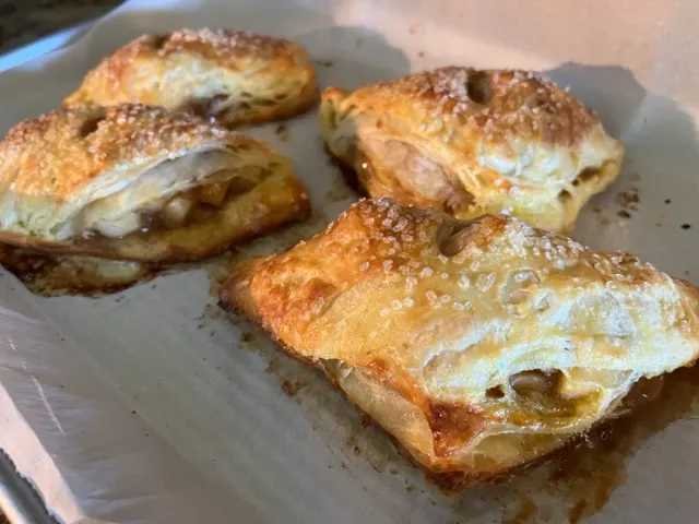 At any rate, I was intrigued with the sourdough aspect of Lisa’s puff pastry, so I had to try it. It came out amazing! The recipe yields 2.5 lbs of dough. The first day I made four apple turnovers with half a pound of the dough. They were kind of goofy looking, because I forgot how to shape them (it’s been a while), but absolutely delicious and so, so flaky.
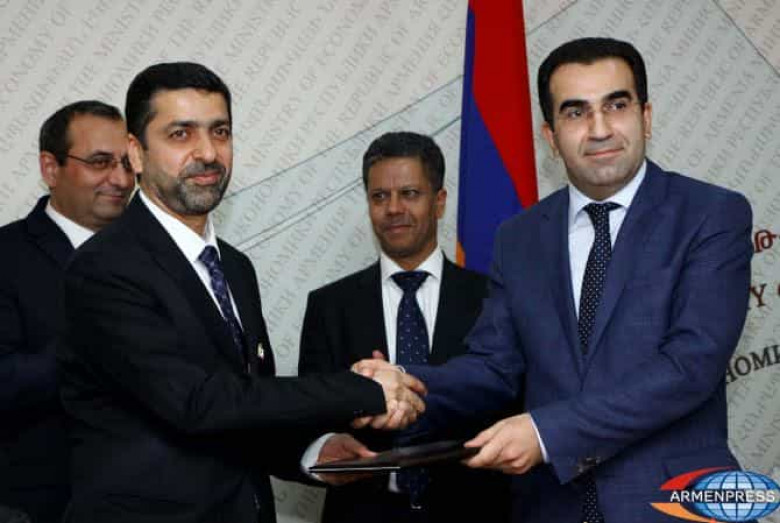 Համաձայնագիրը ստորագրել են ՀՀէկոնոմիկայի նախարարի առաջին տեղակալԳարեգին Մելքոնյանը և Արաբական ՄիացյալԷմիրությունների ֆինանսների նախարարիտեղակալ Յունիս Հաջի ալ-Խուրին: Ստորագրման արարողությանը ներկա էր ՀՀ էկոնոմիկայի նախարար Արծվիկ Մինասյանը:
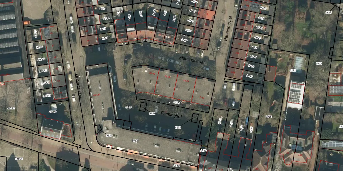 Flemingstraat 30 is gelegen op kadastraal perceel TBG01B8750. Deze kadastrale aanduiding is uniek en wordt gebruikt door het Kadaster om eigendomsrechten en andere zakelijke rechten vast te leggen. Het perceel maakt onderdeel uit van de kadastrale gemeente Tilburg.
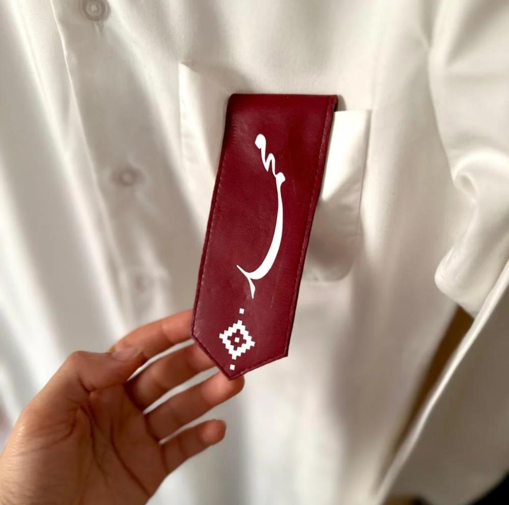 بروش العيد مصنوع من الجلد الفاخر مزين بإسم طفلكاضافة انيقة لجيب الثوب او القميص ، للعيد والمناسبات المميزةطريقة التثبيت :يوجد في طرف قطعة الجلد مغناطيس لتثبيت البروش على الجيب بسهولة بدون ترك أثر على القماش
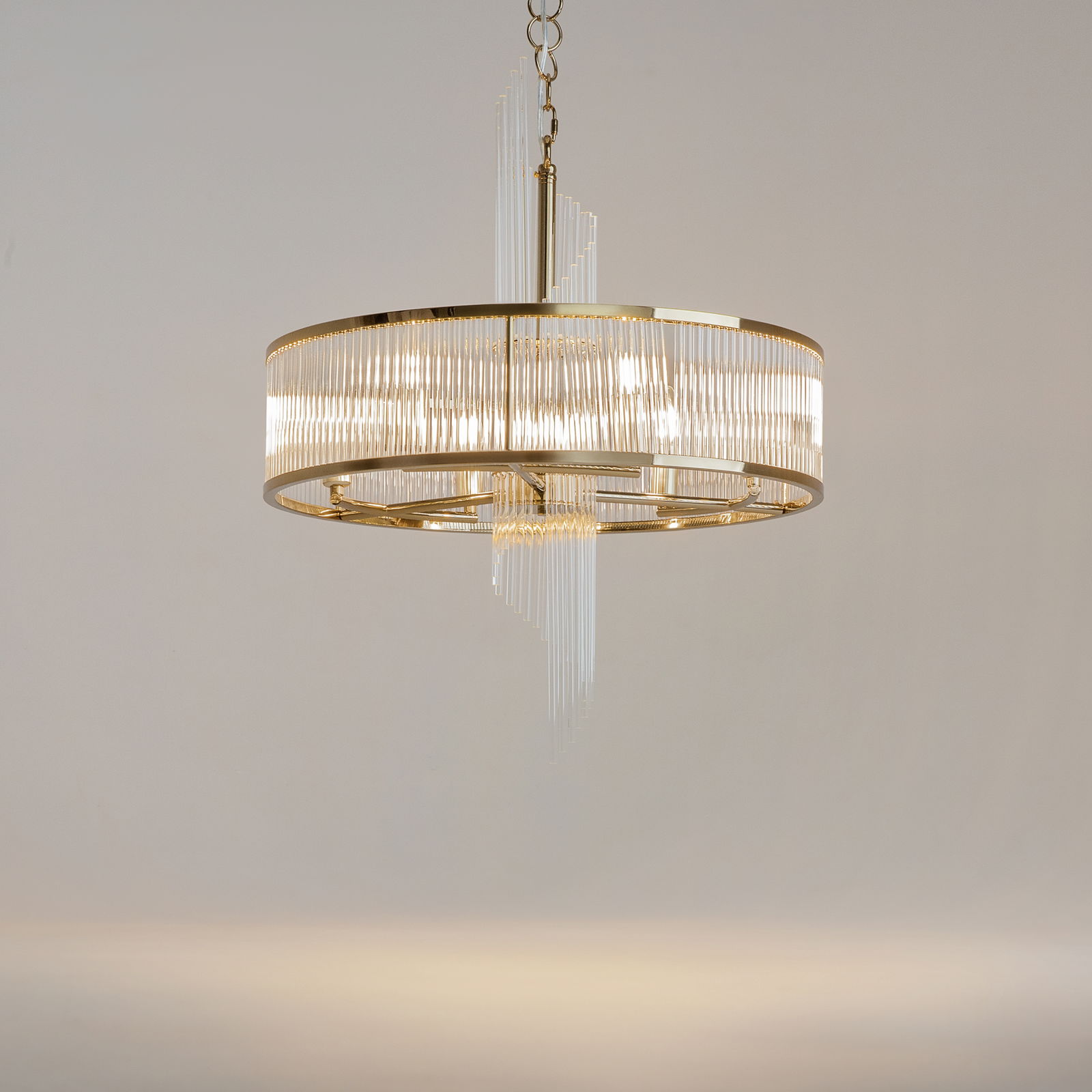 The Frame 6 Light Round Chandelier is 58cm in diameter and has two gold metal circular rings positioned one above the other, connected by vertical glass, with clear glass rods hanging down between the rings to form a spiral-shaped effect inside the circular drum.
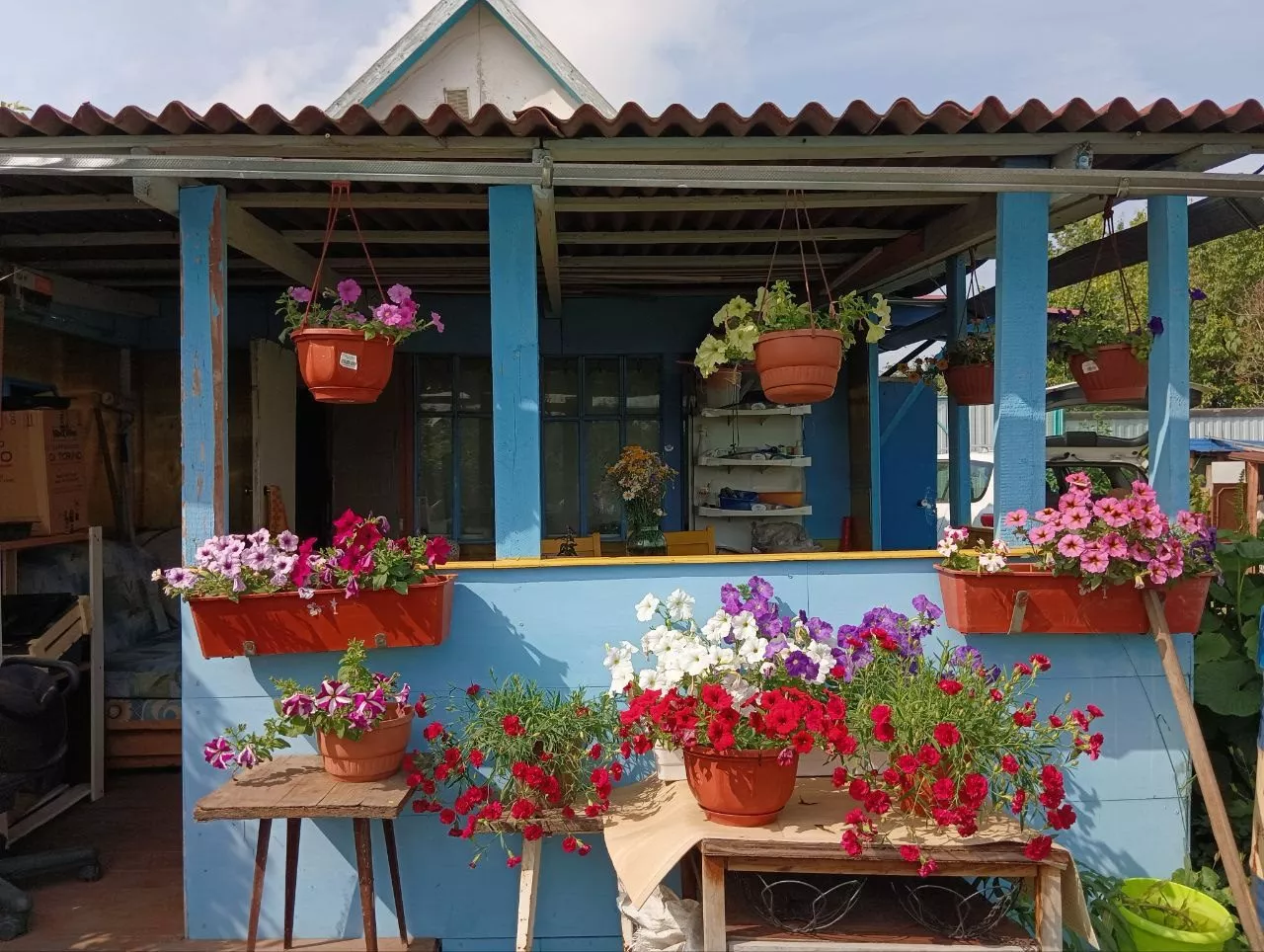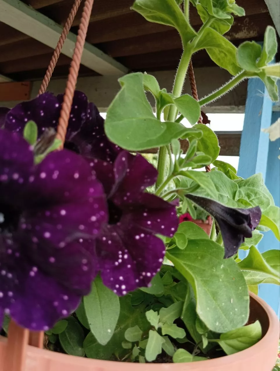 До середины июня петуньки стояли в теплице,так как у нас было очень холодно, днём всего 6-8 тепла, а по ночам небольшие заморозки.Когда погода наладилась мы украсили беседку уже хорошо цветущими петуниями.

◆ YOUR ASSIGNMENT
Retype each entry precisely. Skip images entirely.

◆ FINISHED EXERCISE
 At any rate, I was intrigued with the sourdough aspect of Lisa’s puff pastry, so I had to try it. It came out amazing! The recipe yields 2.5 lbs of dough. The first day I made four apple turnovers with half a pound of the dough. They were kind of goofy looking, because I forgot how to shape them (it’s been a while), but absolutely delicious and so, so flaky.
 Համաձայնագիրը ստորագրել են ՀՀէկոնոմիկայի նախարարի առաջին տեղակալԳարեգին Մելքոնյանը և Արաբական ՄիացյալԷմիրությունների ֆինանսների նախարարիտեղակալ Յունիս Հաջի ալ-Խուրին: Ստորագրման արարողությանը ներկա էր ՀՀ էկոնոմիկայի նախարար Արծվիկ Մինասյանը:
 Flemingstraat 30 is gelegen op kadastraal perceel TBG01B8750. Deze kadastrale aanduiding is uniek en wordt gebruikt door het Kadaster om eigendomsrechten en andere zakelijke rechten vast te leggen. Het perceel maakt onderdeel uit van de kadastrale gemeente Tilburg.
 بروش العيد مصنوع من الجلد الفاخر مزين بإسم طفلكاضافة انيقة لجيب الثوب او القميص ، للعيد والمناسبات المميزةطريقة التثبيت :يوجد في طرف قطعة الجلد مغناطيس لتثبيت البروش على الجيب بسهولة بدون ترك أثر على القماش
 The Frame 6 Light Round Chandelier is 58cm in diameter and has two gold metal circular rings positioned one above the other, connected by vertical glass, with clear glass rods hanging down between the rings to form a spiral-shaped effect inside the circular drum.
 До середины июня петуньки стояли в теплице,так как у нас было очень холодно, днём всего 6-8 тепла, а по ночам небольшие заморозки.Когда погода наладилась мы украсили беседку уже хорошо цветущими петуниями.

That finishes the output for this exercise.